Some 60 aging Cypriots who fought against British rule of their island during the 1950s now want to sue the UK government over allegations they were tortured by colonial officials while in custody.
Thassos Sophocleous, 79, president of a Cypriot veterans group, told the Associated Press that as a captured guerilla fighter, he was tortured by British guards and police for more than two weeks in a Nicosia prison in 1956. He said he was flogged, had the soles of his feet and knees clubbed, and was kicked in the head, body and testicles.
Sophocleous told BBC that some Cypriot prisoners were executed as well as tortured.
"Once, they were hitting me on the back with whips, and at the end of the whip there were small pieces of iron,” he said.
“They were opening up my back, blood was coming out, and they were salting it. I asked them to kill me. But [the guard] was laughing, saying: 'We're not going to kill you [just] because you don't want to suffer. You are going to suffer here, night and day.'''
Sophocleous, who said he was encouraged by the successful path of the Kenyan affair, has retained the London law firm of K.J. Conroy & Co. to build the case. He declared he is not seeking money, but rather an admission that the British government used torture against colonial prisoners.
‘‘As in all turning points in history, it’s not the people who are responsible, but some leaders who are in power when these things happened and they bear the responsibility,’’ he told AP.
A Cypriot rebel group called Eoka (which Sophocleous belonged to) fought a bloody four-year campaign of bombings and assassinations against British rule that ultimately led to the island’s independence in 1960.
Upon conviction on charges of possessing weapons, Sophocleous and other Eoka inmates were sentenced to life imprisonment and transported to the notorious Wormwood Scrubs prison in London.
There, too, he charged Cypriots were tortured.
A Labour MP who visited the inmates there, Fenner Brockway, told the House of Commons in July 1957: "I saw prisoners at Wormwood Scrubs whose arms had been broken, who had swellings on their bodies the size of cricket balls, and scars on their necks."
By 1960, when Cyprus gained independence from Britain, the prisoners were freed.
"I'd been sentenced to life in prison and then one day I learned I'd go free. It was amazing," Sophocleous said.
"Of course, I was very happy."
He added: "I don't have hard feelings about the British people or British soldiers, but I have hard feelings about those who were in charge in the 1950s."
In response to the gathering case, the Foreign Office said in a statement: "The UK government abhors all abuses of human rights. Much has happened in the past which we may regret today. We should keep in mind that these events did happen over half a century ago and bear no relation to the present government's policies towards Cyprus, which are well known."

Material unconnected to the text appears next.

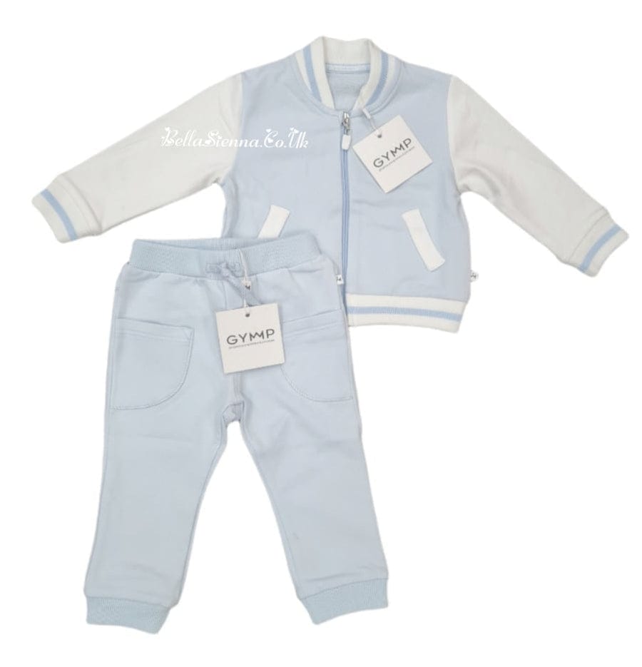 GYMP boys pale blue tracksuit made in soft stretchy jersey material with a blue stitched lettering to the front.

Cyprus was a key strategic possession for Britain, primarily as a gateway to India, and became even more important following the loss of the Suez Canal in 1956. Britain still keeps two military bases on the island today.
Britain itself is now home to a large Cypriot community, numbering as high as 300,000 by some estimates.
Sadly, Eoka never got what it really wanted – unification with the Greek motherland. In 1974, an invasion by Turkey partitioned the island into two segments, the Turkish north and the Greek south.